Bağış Erten

Dananın kuyruğu haftaya kaldı

18 Mayıs 2015 Pazartesi

Garip bir sezon, garip bir son... Sezon içinde 3 başkan 2 teknik direktör değiştiren takım şampiyonluğa koşuyor. Bir önceki sezonun şampiyon takımının teknik patronunu kovan ve yerine kendi söylediklerini dinleyecek birini getiren başkan yarışta geri düştüğü için takımını soyunma odasında azarlıyor. Oynayacak bir sahası olmayan ve ‘seferî’ gibi şehir şehir gezen takım ise bin pişman. Bu sene olmayacaksa ne zaman olacaktı, derdinde. İstanbul’un bu 3 aksak efendisine en yakın rakipler ise 10 puan geride. Liderin 32 maçta averajı artı 23. Yani maç başına iki bile değil. Takipçileri ondan beter. İşte biz bu oluşuma lig diyoruz, ‘süper’ diyoruz.
Bu ‘en-bi-süper’ ligimizin beklentiye göre sıraladığımızda belki de en başarısız takımlarından biri Fenerbahçe. Kadro ve kalite farkına rağmen kötü kenar ve kulüp yönetimiyle, neredeyse her maçını zora sokarak buralara geldi Sarı-Lacivertliler. Ama hâlâ var mı şansları? Var. Olabilirler mi? Olabilirler. Fakat şu gerçek zor değişir sanki. Dünkü son dakikada gelen galibiyete rağmen oynadıkları oyunu dünyada kime gösterseler ve ‘biz şampiyon olabiliriz’ deseler, pek ikna edici olmayacaklar.
Öte yandan Mersin İdman Yurdu bu kısır ligin belki de en başarılı takımlarından. Sezon başında düşme adayıyken an itibariyle muadillerinin lideri durumundalar ve bu başarılı sezonun nişanesi olsun diye çıkmışlar sahaya. Stat yeni, hava güzel, bundan şık veda mı olur takıma? Ama stat gene dolu değil, gene dolu değil. Takım sağlı sollu yükleniyor, arkadan gelen bir destek yok. Kendileri çalıyor, kendileri oynuyor.
Maçın yorumlanacak pek bir yanı da yok aslında. Rakibin eksik kaldığı 50. dakikaya dek bir TRT klişesiyle karşılıklı ataklarla bile geçmiyor maç. F.Bahçe bu periyodu gol yemeden atlattığı için mutlu olsa gerek. Aynı makamda oynanan bir 2. yarı başlıyor ta ki kırmızı karta dek. Şu çok açık: Hiçbir iddiası olmamasına rağmen, biri ofsayttan olsa da 3 topu direkten dönen Mersin daha hevesli.
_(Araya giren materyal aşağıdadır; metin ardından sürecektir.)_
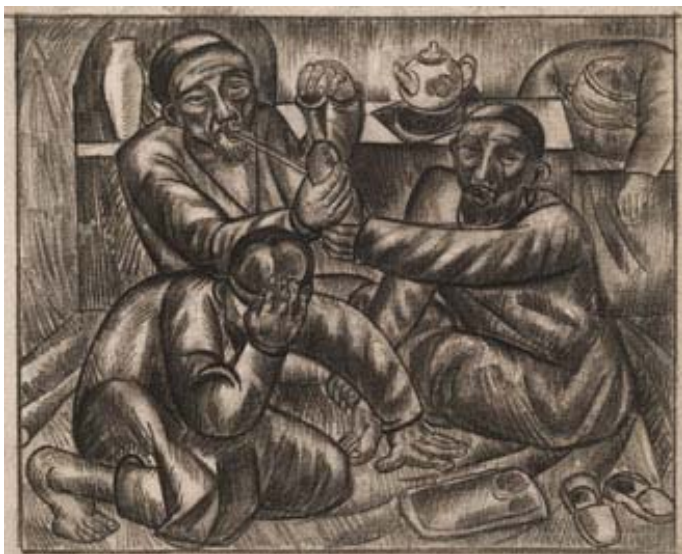
А. Волков. «Курильщики анаши» Бумага, чёрный карандаш. 1926
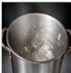
조리도구 열탕소독 또는 염소소독 실시
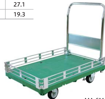
MA-SMG-3 ※ハンドル固定付もできます。
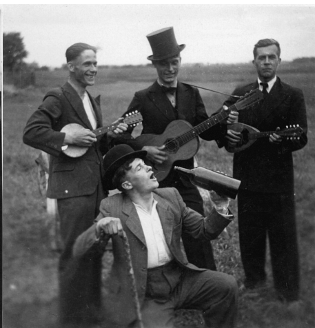
Vojáci pózují v civilu a s hudebními nástroji
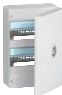
4 012 12 + 4 013 32
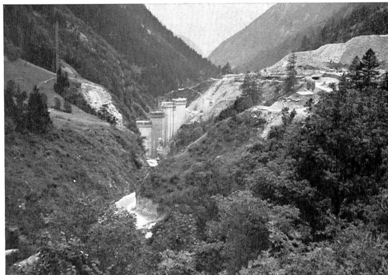
Bild 7 Die im Entstehen begriffene Talsperre Ferden im Löttschentale.

Bietschhorn, dem König des Rhonetals, auf 3950 m ü.M. Sie ist bedeckt mit dunklen Tannenwäldern. Die rechte Talseite, ‚sunnuhalb‘ sagt der Löttscher, ist weniger steil und auch weniger hoch (3200 m ü.M.), im Osten erreicht auch sie 3800 m ü.M., sie trägt vorwiegend Lärchenwald.
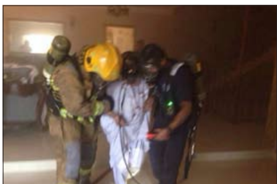
رجلا اطفاء يقومان بإخلاء المواطن المسن من موقع الحريق
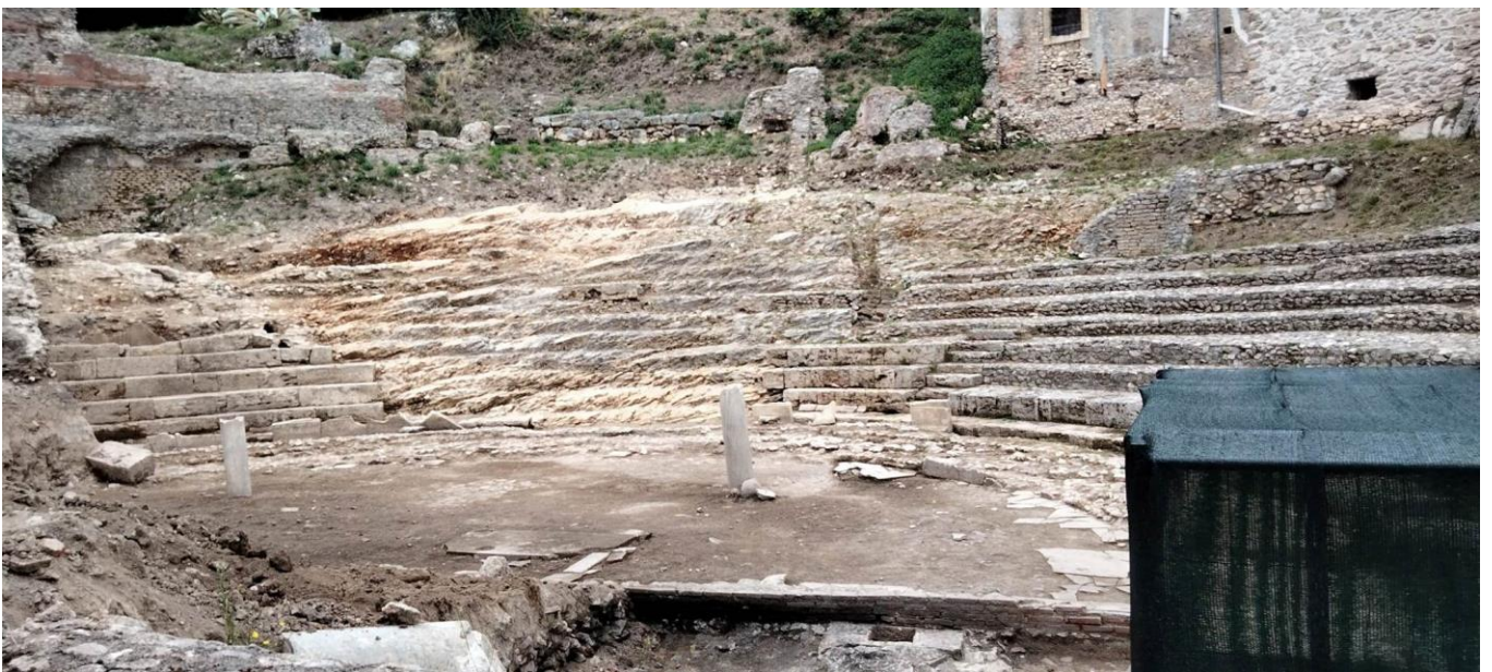
Teatro Romano, resti rinvenuti nei recenti scavi del 2022
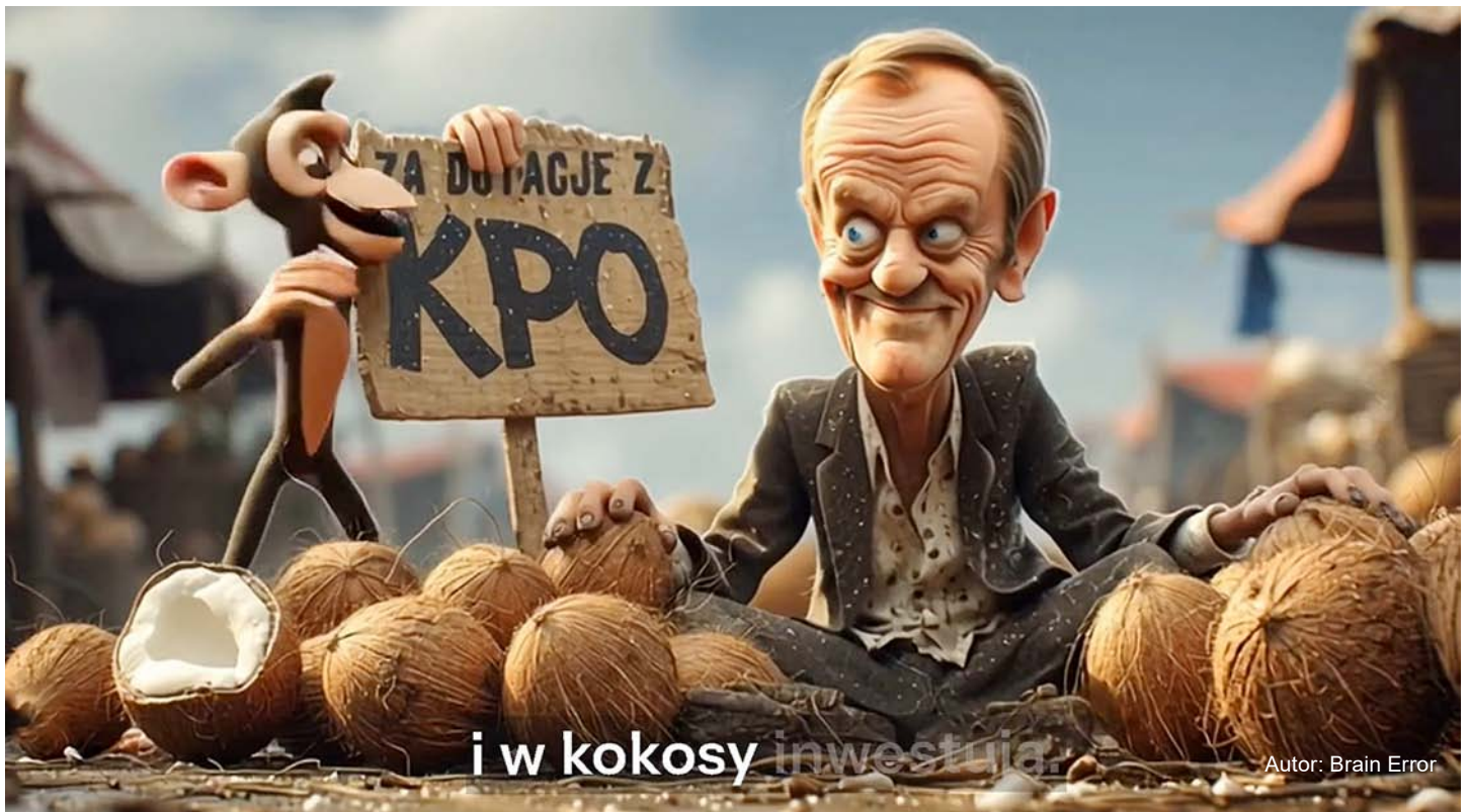
Autor: Brain Error

▪ Bilionowe zadłużenie, milionowe bezrobocie, zapaść w służbie zdrowia, rolnictwo zagrożone, strategiczne inwestycje w impasie – administracja 13 grudnia nie jest w stanie realizować konstytucyjnej zasady społecznej gospodarki rynkowej.

Sadece pozisyon açısından değil oyun üstünlüğü de onlardaydı. Şampiyonluk umudu taşıyan takımın koca ilk yarıda tek hamlesi 14’teki, o da defans hatasından gelen Sow pozisyonu. Rakip 50’de 10 kişi kalana dek hiçbir hayat belirtisi yok. Son 40 dakikada eksik rakibe karşı haliyle üstünlüğü ele geçiriyor F.Bahçe. Bol bol duran top var. Ama gol gene yok. Son dakikaya dek. Hafta içinin ve tüm zamanların olaylı oyuncusu Emre yarışta tutuyor Sarı Lacivertlileri. Vuruş da güzel, gol de. Ama 75’te Welliton kaleciyle karşı karşıya atsaydı ne olurdu, o ayrı bir konu. Son anlarda sinirler hepten gergin. Volkan ve Emre için protestolar var. Ama sanırım bu da motive ediyor onları. Son dakika eforu da belki de bu sayede.
İnsanın aklına şu soru geliyor haliyle. Haftaya Beşiktaş, G.Saray’ı yenerse son haftaya lider girecek takım bu mu? Ve son düdük çaldığında herkes bir konuda hemfikir sanırım. Bektaşi fıkrası misali, hangisi iyi diye soranlara ‘hepsi kötü’ demek lazım. Bundan kötü lig zor olur.  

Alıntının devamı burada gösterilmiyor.